There is only one match on record in 1811. This was B. Aislabie's XI versus George Osbaldeston's XI, played 8 and 9 July on the Middle Ground. Osbaldeston's XI won by 8 wickets. Thomas Howard, the noted pace bowler, took at least eight wickets in the match for Osbaldeston's XI. (Note: In this period, dismissal information in scorecards was never comprehensive, and a bowler was only credited with a wicket if the batter was out bowled.
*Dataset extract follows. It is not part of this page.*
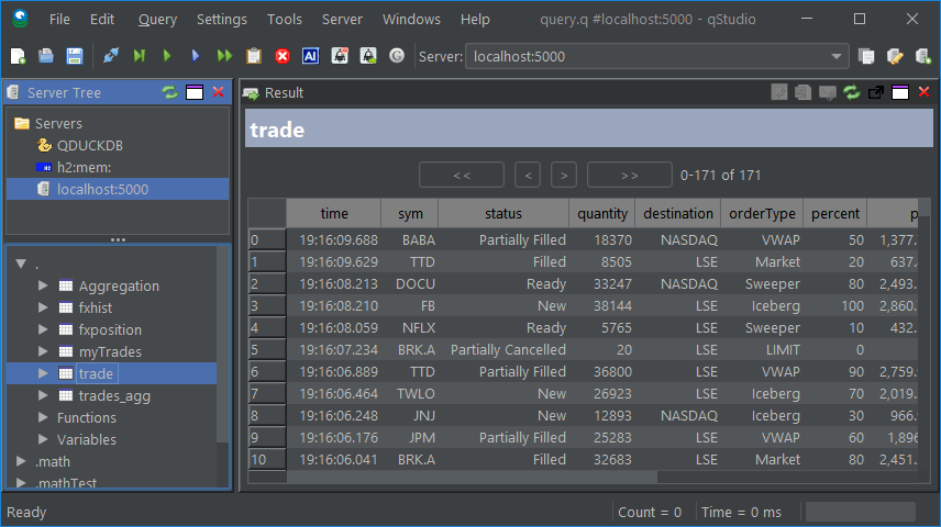 Send queries straight from within the editor to any of your servers. Kdb specific structures are handled perfectly.

If a batter was caught or stumped, only the fielder was credited.)

==1812 season==
As in 1811, only one match is on record in 1812. George Osbaldeston's XI were again involved, their opponents being Lord Frederick Beauclerk's XI. The match was played 15 to 17 June on the Middle Ground, and was drawn. Beauclerk scored 86 of his team's 132 in their first innings. Osbaldeston's XI replied with 89, and Beauclerk's XI then scored 114 for a lead of 157. Osbaldeston's XI had reached 124/6 when time expired. Thomas Howard, this time in Beauclerk's XI, was again the best bowler with eight (bowled only) wickets.

==1813 season==
1813 was a similar story with just one important match on record, but it was also the Middle Ground's final season. The land was requisitioned by Parliament as it lay on the route planned for the Regent's Canal.

The sole important match in 1813 was Beauclerk's XI v E. Bligh's XI, which was played 7–9 June on the Middle Ground. Bligh's XI won by 28 runs. Batting first, Bligh's XI scored 142, largely thanks to an innings of 58* by Robert Robinson. Beauclerk's XI replied with 116 (Budd 44), and then dismissed Bligh's XI for 83. Needing 110 to win, Beauclerk's XI were handicapped by the loss of two batsmen who had been injured, and they were all out for 81.

That was the last of only three important matches played on the Middle Ground. A curiosity of the venue is that an amateur player called James Rice played in all three, and those were the only important matches in which he has been recorded.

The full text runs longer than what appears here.